Keywords: Antiplaque effect, dental plaque, gingivitis, mouthwash, periodontal pathogens
|How to cite this article:|
Siddeshappa ST, Bhatnagar S, Yeltiwar RK, Parvez H, Singh A, Banchhor S. Comparative evaluation of antiplaque and antigingivitis effects of an herbal and chlorine dioxide mouthwashes: A clinicomicrobiological study. Indian J Dent Res 2018;29:34-40
|How to cite this URL:|
Siddeshappa ST, Bhatnagar S, Yeltiwar RK, Parvez H, Singh A, Banchhor S. Comparative evaluation of antiplaque and antigingivitis effects of an herbal and chlorine dioxide mouthwashes: A clinicomicrobiological study. Indian J Dent Res [serial online] 2018 [cited 2020 Mar 31];29:34-40. Available from: http://www.ijdr.in/text.asp?2018/29/1/34/225240
| Introduction|| |
Dental plaque is a biofilm with layers of microorganisms contained in a matrix that forms on oral surfaces  which is considered as etiologic factor for periodontal diseases. Aerobic and anaerobic bacteria in the dental plaque are incompatible with gingival tissues leading to gingivitis, which may progress to periodontitis, so plaque control becomes essential. Hence, nonsurgical periodontal treatment remains the core component of periodontal therapy. For prevention of periodontal diseases and maintenance of periodontal health, professional control along with self-performed oral hygiene is of critical importance.

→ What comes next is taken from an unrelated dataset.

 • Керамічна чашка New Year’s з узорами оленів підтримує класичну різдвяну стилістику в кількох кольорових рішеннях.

The hurdles such as plaque retentive factors, inaccessibility, and tissue-borne bacteria limit the efficacy of self-performed oral hygiene; therefore, chemical plaque control agents have been advocated to prevent dental plaque and gingivitis. Chemical plaque control includes various measures such as sprays, irrigators, varnishes, chewing gums, and mouthwash. Mouthwashes provide a method of depositing an active material for slow release in the mouth. This helps in maintaining an effective concentration of the material in the mouth over a considerable period of time following its use.
Among the various mouthwashes which are available, there is a need for the product with maximum efficacy with minimum side effects. Chlorine dioxide mouthwashes exhibit the required properties for a mouthwash.

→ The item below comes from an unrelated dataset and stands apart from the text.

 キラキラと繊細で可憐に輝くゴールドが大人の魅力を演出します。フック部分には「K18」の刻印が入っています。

Stabilized chlorine dioxide has marked bactericidal effects against oral bacteria associated with gingivitis and periodontitis. The oxidative consumption of critical biomolecules by chlorine dioxide is primarily responsible for its wide range of biocidal activity, and its single electron reduction product (ClO2-) can also act as a reactive oxidant toward many electron-donating biomolecules (e.g., methionine, pyruvate, urate, and endogenous thiols, such as cysteine).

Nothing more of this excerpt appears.